An instruction memory for storing a plurality of instruction bits. A first portion of the instruction memory is for storing a first subset of bits of the plurality of instruction bits. A second portion of the instruction memory is for storing a second subset of bits of the plurality of instruction bits, wherein the second subset of bits is operable to be accessed by an instruction extractor during an instruction extraction earlier than the first subset of bits.

Description

    FIELD OF INVENTION
  • The present invention generally relates to the field of microprocessors. Specifically, embodiments of the present invention relate to a multi-portioned instruction memory.
  • BACKGROUND OF THE INVENTION
  • Instruction cache size effects performance of a microprocessor. For instance, larger instruction caches decrease miss rates, improving performance. However, larger instruction caches also increase access time, which in turn either increases cycle time or increases the number of cycles to access the instruction cache, both of which lower performance.
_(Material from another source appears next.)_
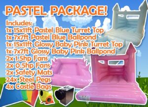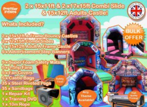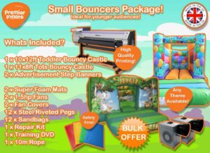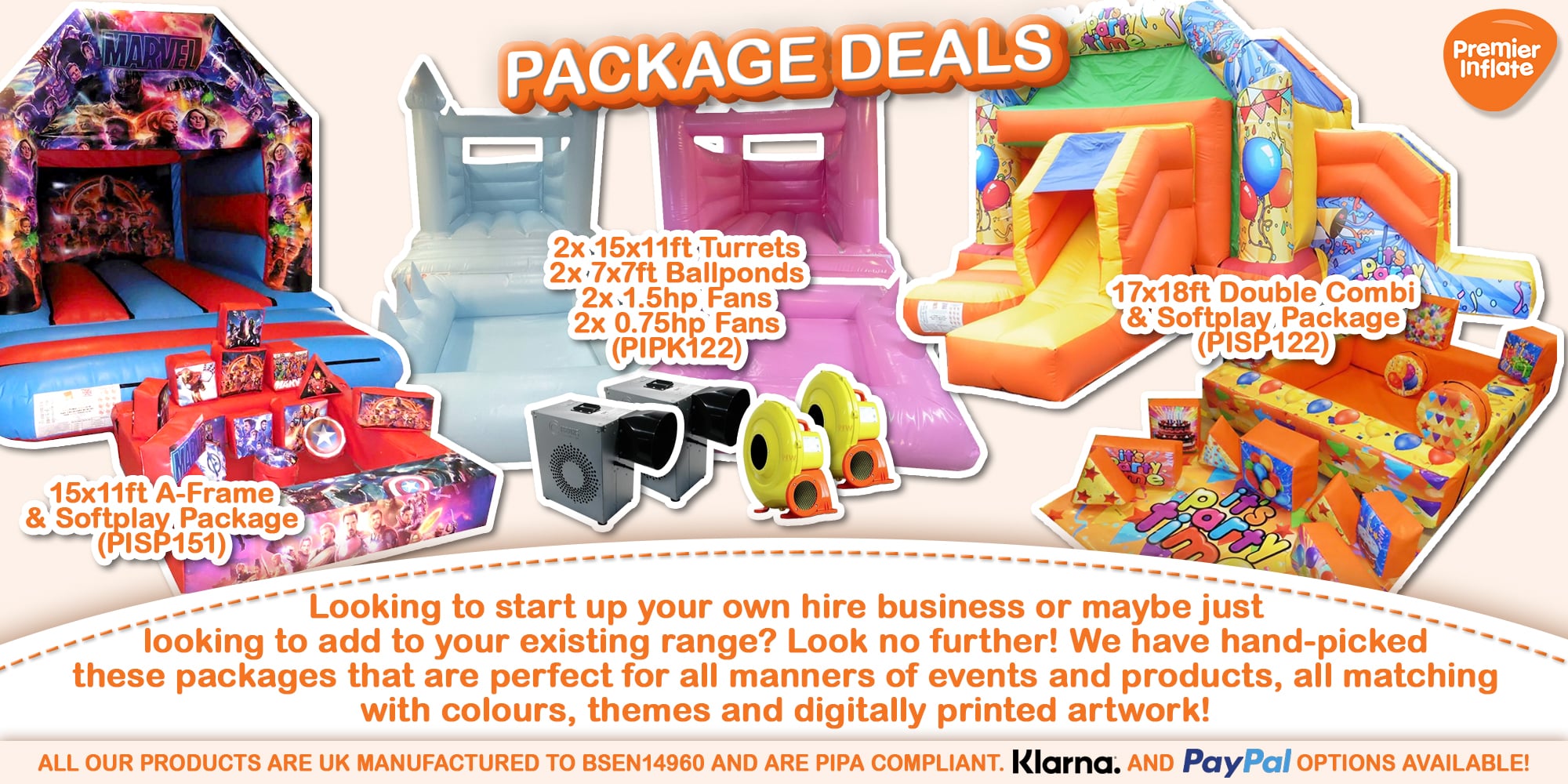 We have a range of bouncy castle and inflatable package deals. Our range of deals, includes bouncy castle starter packages, which are ideal for those just beginning in the inflatable hiring business. We also offer packages suited to established inflatable hirers, looking to expand their range with new styles and inflatables.

  • SUMMARY OF THE INVENTION
  • Accordingly, a need exists for increasing the size of an instruction cache without decreasing performance.
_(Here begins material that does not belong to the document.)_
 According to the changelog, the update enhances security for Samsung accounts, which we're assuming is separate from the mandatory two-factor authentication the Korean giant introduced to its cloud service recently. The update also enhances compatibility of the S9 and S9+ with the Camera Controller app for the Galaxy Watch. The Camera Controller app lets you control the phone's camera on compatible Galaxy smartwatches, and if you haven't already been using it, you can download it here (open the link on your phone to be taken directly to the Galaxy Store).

  • Various embodiments of the present invention provide an instruction memory for storing a plurality of instruction bits and a method for caching data in an instruction cache. In one embodiment, a first portion of the instruction memory is for storing a first subset of bits of the plurality of instruction bits. A second portion of the instruction memory is for storing a second subset of bits of the plurality of instruction bits, wherein the second subset of bits is operable to be accessed by an instruction extractor during an instruction extraction earlier than the first subset of bits.
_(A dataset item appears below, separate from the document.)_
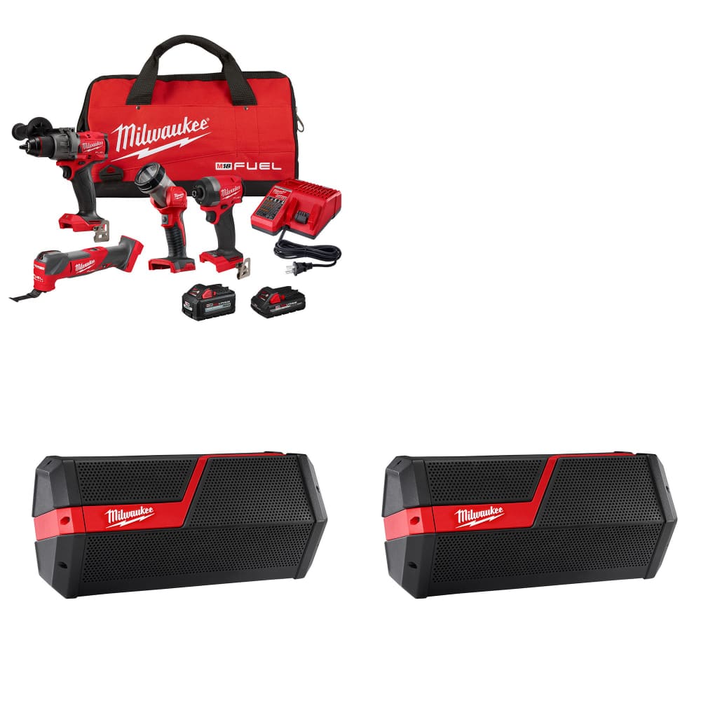 Milwaukee 3698-24MT M18 4-Tool Combo Kit W/ FREE 2891-20 M18/M12 Speaker, 2-Pack

  • BRIEF DESCRIPTION OF THE DRAWINGS
  • The accompanying drawings, which are incorporated in and form a part of this specification, illustrate embodiments of the invention and, together with the description, serve to explain the principles of the invention:
  • FIG. 1 is a block diagram showing components of a microprocessor including a multi-portioned instruction cache, in accordance with an embodiment of the present invention.
  • FIG. 2 is a diagram of an exemplary Very Long Instruction Word (VLIW)-style packet, in accordance with one embodiment of the invention.
  • FIG. 3 is a diagram illustrating the caching of a subset of bits of a VLIW instruction fetch parcel in one portion of a multi-portioned instruction cache, in accordance with one embodiment of the invention.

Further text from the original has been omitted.